__WHAT THE TASK ASKS__
Given these entries, repeat exactly the lines starting with the one that has "Obrázek na destičce" and going on through the one that has "Modelismo naval de", both included, but none of the pictures.

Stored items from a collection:
= = = = = = =

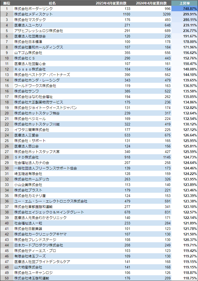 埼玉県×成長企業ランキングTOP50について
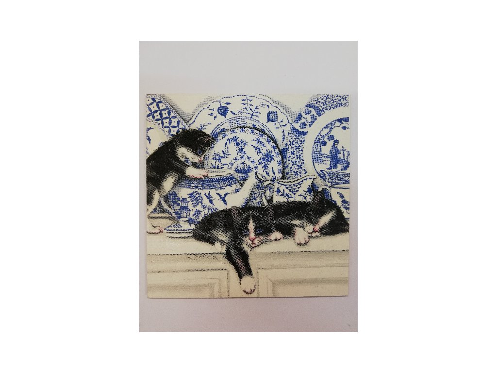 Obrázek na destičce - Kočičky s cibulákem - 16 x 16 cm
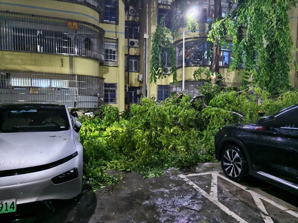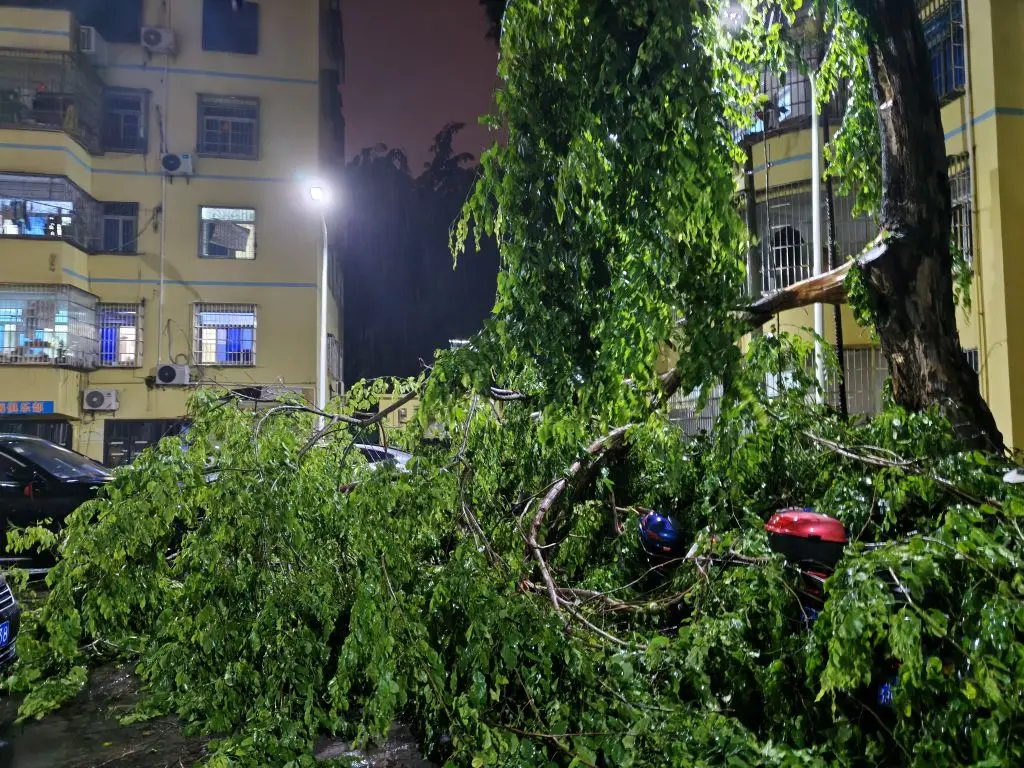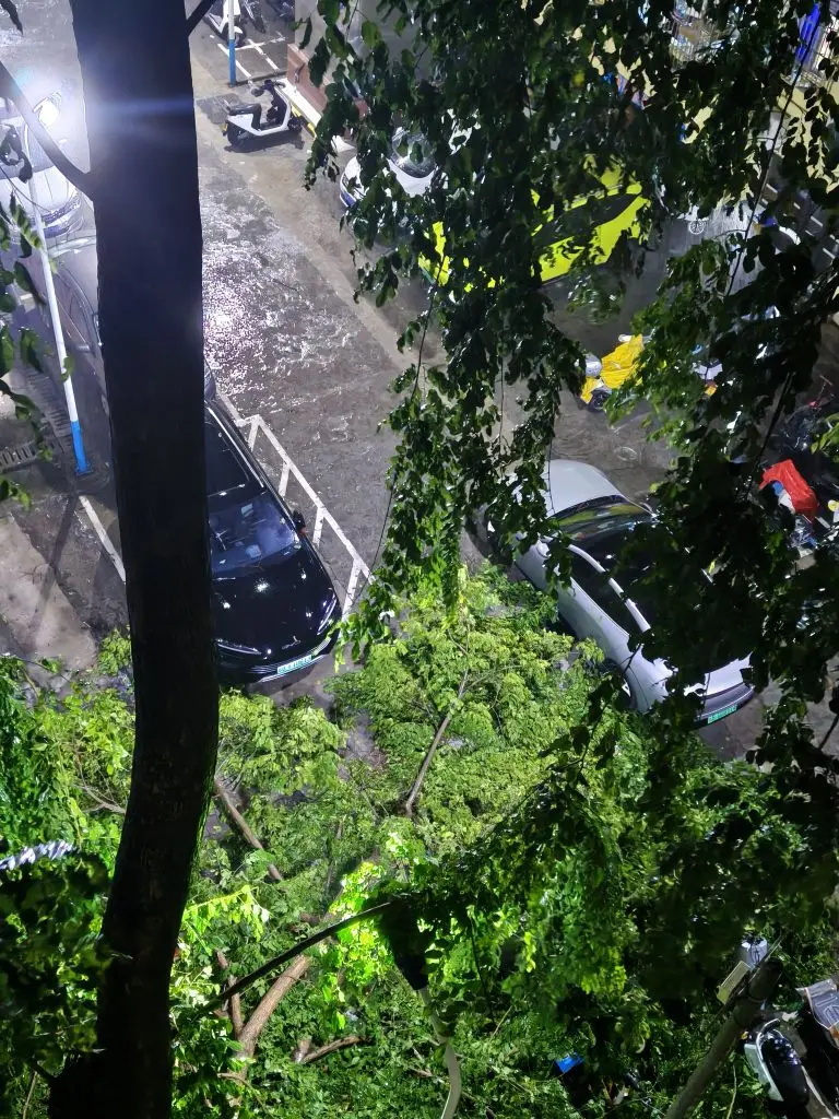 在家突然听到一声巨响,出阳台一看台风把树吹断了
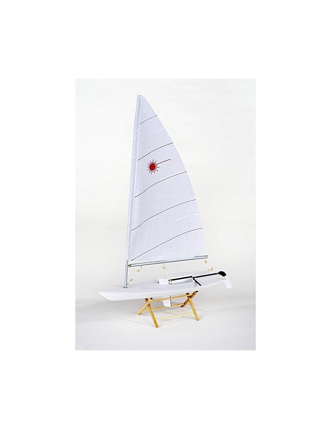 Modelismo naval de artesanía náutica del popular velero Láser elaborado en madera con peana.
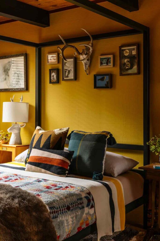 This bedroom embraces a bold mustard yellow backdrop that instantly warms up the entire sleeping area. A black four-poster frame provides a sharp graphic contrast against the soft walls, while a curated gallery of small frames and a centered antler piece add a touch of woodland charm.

= = = = = = =

__PROBLEM SOLUTION__
 Obrázek na destičce - Kočičky s cibulákem - 16 x 16 cm
 在家突然听到一声巨响,出阳台一看台风把树吹断了
 Modelismo naval de artesanía náutica del popular velero Láser elaborado en madera con peana.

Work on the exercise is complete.